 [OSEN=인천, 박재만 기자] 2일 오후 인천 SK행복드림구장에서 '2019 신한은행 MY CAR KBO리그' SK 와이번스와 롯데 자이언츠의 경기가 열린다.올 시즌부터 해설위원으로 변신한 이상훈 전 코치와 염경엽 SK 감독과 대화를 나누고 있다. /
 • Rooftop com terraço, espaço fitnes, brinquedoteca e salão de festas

────────────────────

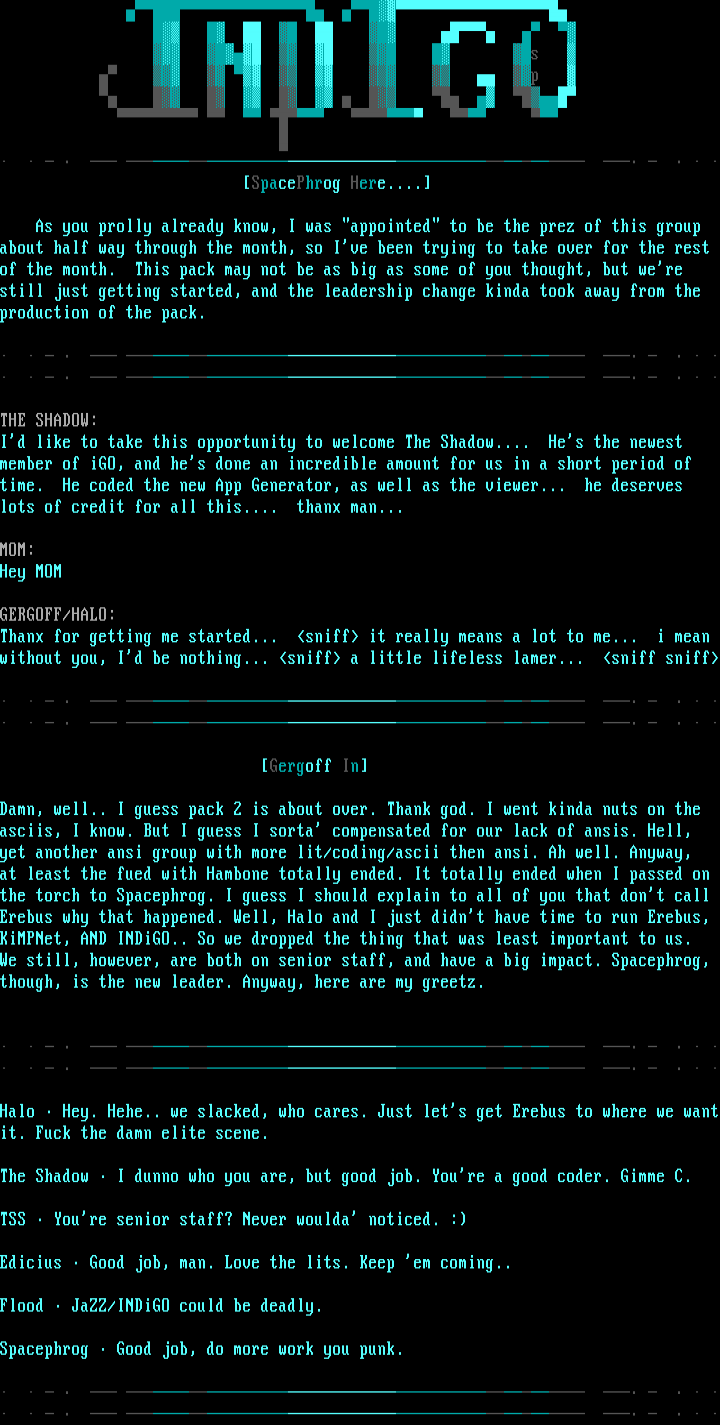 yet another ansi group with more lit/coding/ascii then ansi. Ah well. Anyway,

────────────────────

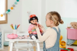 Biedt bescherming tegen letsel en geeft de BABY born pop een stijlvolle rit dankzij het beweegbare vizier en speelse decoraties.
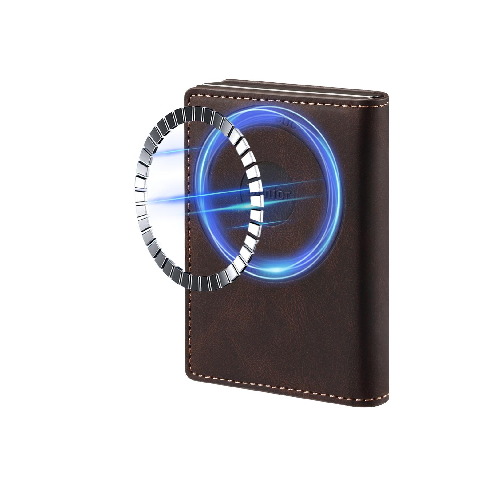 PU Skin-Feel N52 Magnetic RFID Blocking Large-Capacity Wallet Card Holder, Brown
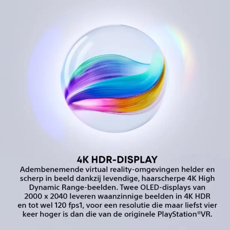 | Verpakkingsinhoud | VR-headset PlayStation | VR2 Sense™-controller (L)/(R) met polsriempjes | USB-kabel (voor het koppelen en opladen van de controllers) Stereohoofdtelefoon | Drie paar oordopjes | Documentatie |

────────────────────

* _INSTRUCTIONS TO FOLLOW_
In the listing above, find the line with "PU Skin-Feel N52" and the line with "oordopjes | Documentatie |". Set down exactly those lines and everything between them, skipping pictures.

* _REPLY TO THE TASK_
 PU Skin-Feel N52 Magnetic RFID Blocking Large-Capacity Wallet Card Holder, Brown
 | Verpakkingsinhoud | VR-headset PlayStation | VR2 Sense™-controller (L)/(R) met polsriempjes | USB-kabel (voor het koppelen en opladen van de controllers) Stereohoofdtelefoon | Drie paar oordopjes | Documentatie |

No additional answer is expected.